Pourquoi le premier "discours du trône" de Charles III va être très scruté
L'événement est aussi solennel qu'historique. Charles III prononce ce mardi 7 novembre à 11h30 son premier "king's speech", discours du roi, en tant que souverain, face aux deux chambres du Parlement britannique, dans la chambre des Lords au palais de Westminster.
"C'est un discours qui sera remarqué dans la mesure où c'est le premier qu'il réalise en tant que souverain", note l'historien spécialiste du Royaume-Uni Philippe Chassaigne.
Car si Charles a déjà assuré ce discours, également appelé "discours du trône", en mai 2022, c'était en tant que prince de Galles, en remplacement de sa mère, la reine Elizabeth II dont la santé déclinait.
Ce discours fait partie d'une cérémonie, qui marque l'ouverture officielle du Parlement. Si cette cérémonie se tient généralement en mai ou juin, elle peut aussi avoir lieu à d'autres moments de l'année, en fonction du renouvellement de la Chambre des communes. Cette cérémonie permet au gouvernement de présenter son programme pour l'année à venir.
Les médias guettent tout signe d'un éventuel désaccord
"Le roi assure là son rôle de chef d'État, mais c'est le Premier ministre et le gouvernement qui écrivent le discours", souligne Philip Turle, chroniqueur international à France 24, rappelant qu'au moment du Brexit, la reine, qui n'était pas forcément d'accord avec ce choix avait dû lire le discours écrit par Boris Johnson.
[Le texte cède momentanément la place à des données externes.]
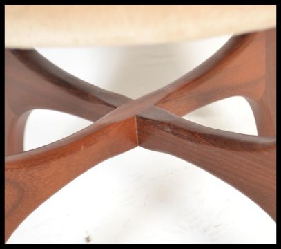 A retro 20th century teak wood circular G-Plan dressing table stool raised on teak wood x-cross base with velour upholstered seat above. 44cms x 51cms diam.
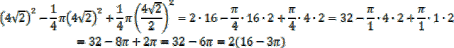 Od pola całego kwadratu o przekątnej 8 musisz odjąć pole
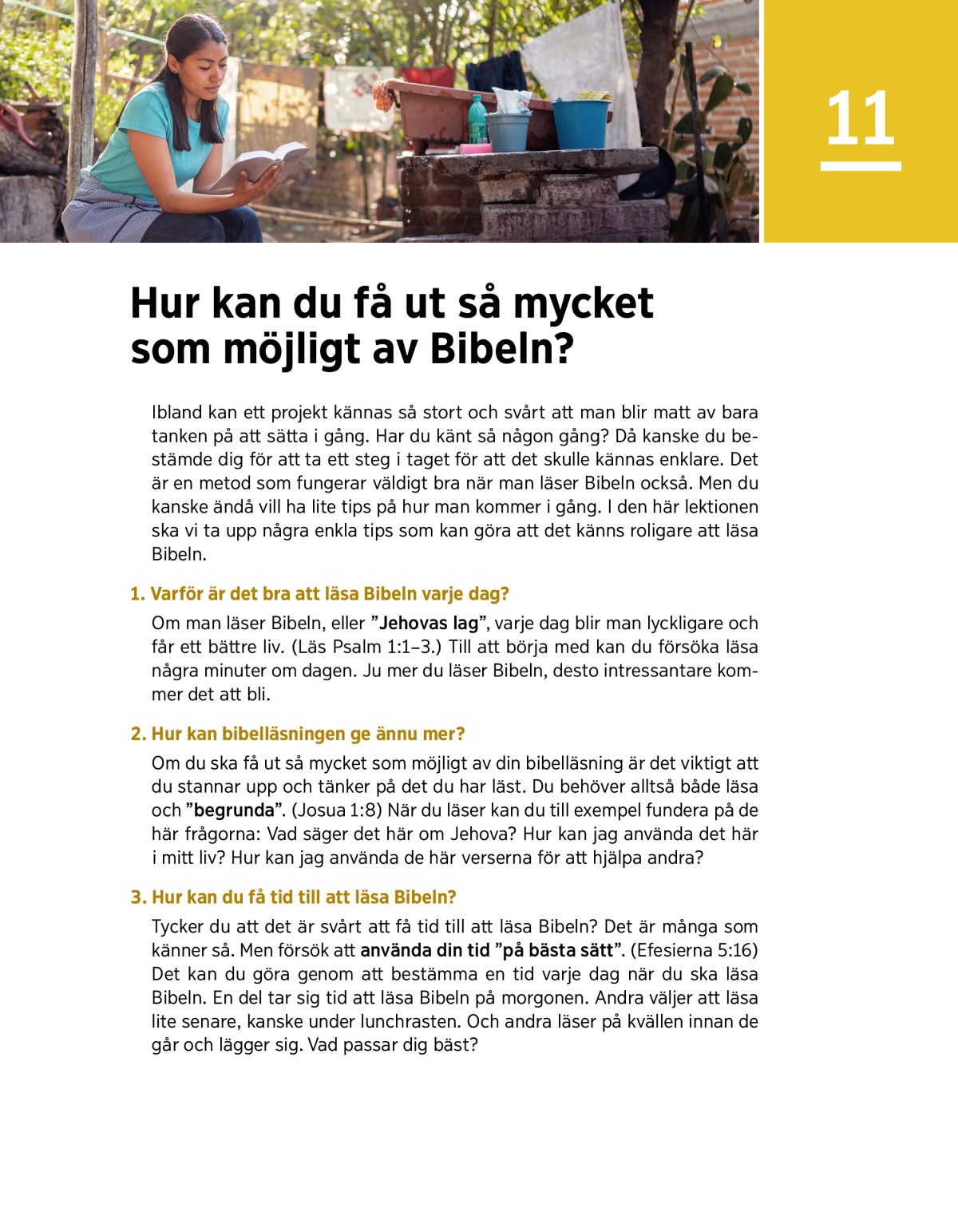 Om man läser Bibeln, eller ”Jehovas lag”, varje dag blir man lyckligare och får ett bättre liv. (Läs Psalm 1:1–3.) Till att börja med kan du försöka läsa några minuter om dagen. Ju mer du läser Bibeln, desto intressantare kommer det att bli.
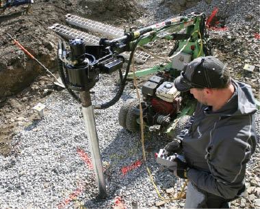Figure 10. Driving a helical pile in frozen ground begins with inserting a proprietary heating rod in a hole drilled with a rotary hammer (above). Once the ground is warmed, the pile is driven normally (right).Photo credit: Dave Northup
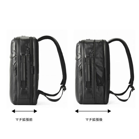 通勤時はスマートに、出張時は大容量に。荷物量に応じてマチ幅を広げられるエキスパンド機能を搭載。スリムなフォルムを保ちながら、必要な時だけしっかり収納できるフレキシブルな設計で、オンオフ問わず活躍します。
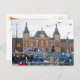 Amsterdam Central Train Station Postcard. Amsterdam train station and traffic lights with people walking in Holland, The Netherlands postcard. This Amsterdam cityscape postcard is fully customizable, add your texts and images! A great city of Amsterdam Holland postcard, send it to your friends and/ or family members!
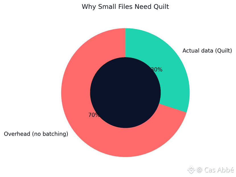 A collection of NFTs of 10,000 NFTs should have at minimum 20,000 small files (images + metadata). In the absence of batching, this is very costly and time-consuming. Quilt allows the grouping of those files effectively, making them cost-effective and large collections practical on decentralized infrastructure.

Certains médias britanniques ont à l'époque voulu voir dans la tenue de la reine, un tailleur bleu, la couleur de l'Europe, et surtout dans son chapeau émaillé de fleurs au cœur jaune qui évoquaient les étoiles du drapeau européen, un message caché de la souveraine, lisant un texte auquel elle n'adhérait pas.
"Les observateurs ont à ce sujet des avis très différents, note pour sa part Philippe Chassaigne. Certains étaient persuadés qu'elle était pour le Brexit, et qu'elle n'était pas mécontente de voir le Royaume-Uni quitter l'Union européenne".
Pour le premier discours du trône de Charles en tant que roi, les médias guettent tout signe d'un éventuel désaccord avec la politique du gouvernement de Rishi Sunak.
"Les caméras seront là pour enregistrer toute réaction involontaire et tout signe de désaccord, alors qu'il s'est entraîné toute sa vie à faire en sorte qu'il n'y en ait pas", estime ainsi Skynews.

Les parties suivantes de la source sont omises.